What's your overall opinion on this? Would it be easier to just somehow communicate with events? Meaning if my Controller is actually aware of what views he's expecting events, then one could just fire an event dosomethingController and the associated Controller would get it, instead of all this Query problem.
I think if you use the Sencha Architect to produce the Views then Inherit from that View to create Your own View.
Now this View Can be responsible to hook up to any events and raise meaningful events.
This is just a thought...
//Designer Generated
Ext.define('MyApp.view.MainView', {
extend: 'Ext.grid.GridPanel',
alias: 'widget.mainview',
initComponent: function() {
}
});
//Your View Decorator
Ext.define('MyApp.view.MainView', {
extend: 'MyApp.view.MainViewEx',
alias: 'widget.mainviewex',
initComponent: function() {
this.mon(this, 'rowselect', function(){
this.fireEvent('userselected', arguments);
}, this);
}
});
I think there is a pretty bad problem here - its very difficult to shard isolated units within a page.
The approach I'm experimenting with (which makes it somewhat easier to write tests aswell) is to have a vanilla js context object for each page which contains the logic (and has the benefit of being very easy to break up and delegate to different objects). The controllers then basically call methods on the context objects when they receive events and have methods on them for retrieving bits of the view or making changes to the view.
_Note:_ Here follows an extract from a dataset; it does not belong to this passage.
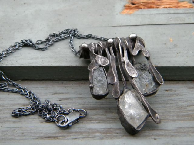 Naszyjnik z surowych topazów w ocynowanej miedzi. wymiary zawieszki 5cm x 3,3cm. łańcuszek z posrebrzanej, oksydowanej miedzi z zapięciem z oksydowanego srebra o długości 49cm
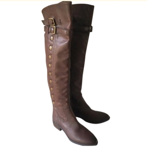 A pair of brown leather boots with a buckle detail on the upper part and a zipper on the side. The boots have a pointed toe and a stacked heel. They are displayed against a white background. | Sam Edelman Shoes - Sam Edelman Pierce 2 Over The Knee Riding Boot | 8638b9bf6b42d7f31ff4fbeb8ee3def99450faa08b3010df961f9487ededb240 | 001065763675 | 0 | 0 | 37 | 13 | 0 | 0 |

I'm from a wpf background and like to think of the controllers as code-behind files. The dialog between presenter/context and view is a lot chattier than wpf (since you dont have binding + data templating) but its not too bad.
Theres also a further problem I haven't had to solve yet - the use of singletons for controllers causes problems for reuse of UI elements on the same page. That seems like a serious design flaw. The common solution I've seen is (yet again) to pile everything into one file and in this case to ditch the controller altogether. Clearly that's not a good approach as soon as things start to get complicated.
It seems like getting all the state out of the controller should help though and you'd then have a second level of context objects - the top level one would basically just assign a unique id to each view and have a map of context=>view and provide dispatch to the individual context methods - it'd basically be a facade. Then the state for each view would be dealt with in the objects dispatched to. A good example of why statics are evil!